Forum Moderators: coopster

Message Too Old, No Replies

Parse/Extract data from page

page is the results of a remote search query collected via cURL

         

erikcw

1:09 am on Jul 5, 2004 (gmt 0)

10+ Year Member



Hi All,

I am using cURL to access a remote search query. I am having no problems getting the data, but parsing it into something more usefull is causing me some trouble.

I want to strip out all of the "header data" (everything from <html>.......<table>[GOOD DATA]<more junk>)

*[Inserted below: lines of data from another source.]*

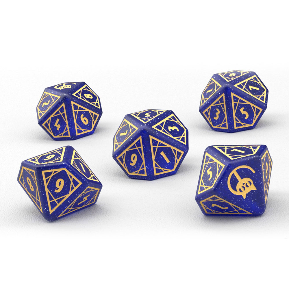 A set of 5 high-quality sparkly blue dice made of durable acrylic, perfect to play Cats!: The Conspurracy.
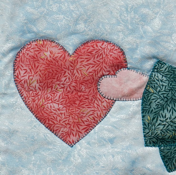I’ve chosen a slightly softer version of the traditional green-and-red Christmas colour-scheme, picking cotton fabrics in tones of soft grey-green and peachy red, complemented with touches of silver. The chequerboard border is machine pieced; the angels are created using fabric fusing, edged and quilted with machine blanket stitch in dark green.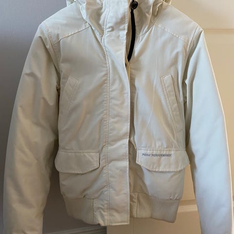 Peak Performance vinterjacka för dam i storlek S. Jackan är röd och fylld med dun, vilket ger god isolering under kalla dagar. Yttermaterialet är lätt och har Pertex-etikett, vilket tyder på ett vindtåligt och slitstarkt material. Modellen har hel dragkedja framtill och två sidofickor med dragkedja. Passar som ytterjacka under vintersäsongen eller som isolerande lager vid utomhusaktiviteter.

I am guessing that Regular Expressions are probably the best way to go, but I have the slightest idea of how to begin. Can anyone share aome info to get me on my way?

Thanks!

bsterz

3:10 am on Jul 5, 2004 (gmt 0)

10+ Year Member



If you have some perl skilz I would suggest:

HTML::Parser
[search.cpan.org...]

And:
HTML::TableExtract

I use em for tons of screen scraping stuff.

Bill

erikcw

5:09 am on Jul 5, 2004 (gmt 0)

10+ Year Member



Unfortunatly, Perl is not an option. I need to do it in PHP. Any ideas?

coopster

2:01 pm on Jul 5, 2004 (gmt 0)

WebmasterWorld Administrator 10+ Year Member



I have seen some classes for parsing html tables with PHP as well, can't remember where now, maybe somebody else can offer more...

Anyway, here is a regular expression to get you started:

preg_match("/<table>(.*)<\/table>/Uis", $string, $matches); 
print $matches[1];

Breaking it down a bit, we are looking for a subpattern [php.net]. We do this by using parentheses. Note that our subpattern is searching for everything between the <table> tags. The second table tag has to have it's slash escaped since it is the pattern delimiter. The "Uis" characters are modifiers.
There are quite a few good tutorials and links all over WebmasterWorld regarding regular expressions. The manual comes in quite handy as well.

Regular Expression Functions (Perl-Compatible) [php.net]

erikcw

10:11 pm on Jul 5, 2004 (gmt 0)

10+ Year Member



Worked like a charm! Wow, I thought that the code was going to be so much more complex! I ended up using a combination of the REGEX match above and preg_replace to pull out the last of the junk-data.

Thanks!

coopster

10:24 pm on Jul 5, 2004 (gmt 0)

WebmasterWorld Administrator 10+ Year Member



You're welcome. Now, if you are simply using echo or print to send that to the browser to see what you are getting, you may have <tr> and <td> tags in there still you know! Use your browser's View Source option to have a look at what is indeed there. Unless, of course, that is what you are referring to when you said you used preg_replace() to get the rest of the junk data out...

erikcw

10:41 pm on Jul 5, 2004 (gmt 0)

10+ Year Member



In order to correct having the extra "table data", I used strip_tags() to pull out all of the html. I was then left with just the data. I then ran it through preg_replace() to remove numbers that were next to each item (it was a numbered list).

Thanks!

coopster

10:59 pm on Jul 5, 2004 (gmt 0)

WebmasterWorld Administrator 10+ Year Member



Hey, good for you, strip_tags() was a nice touch. Cheers.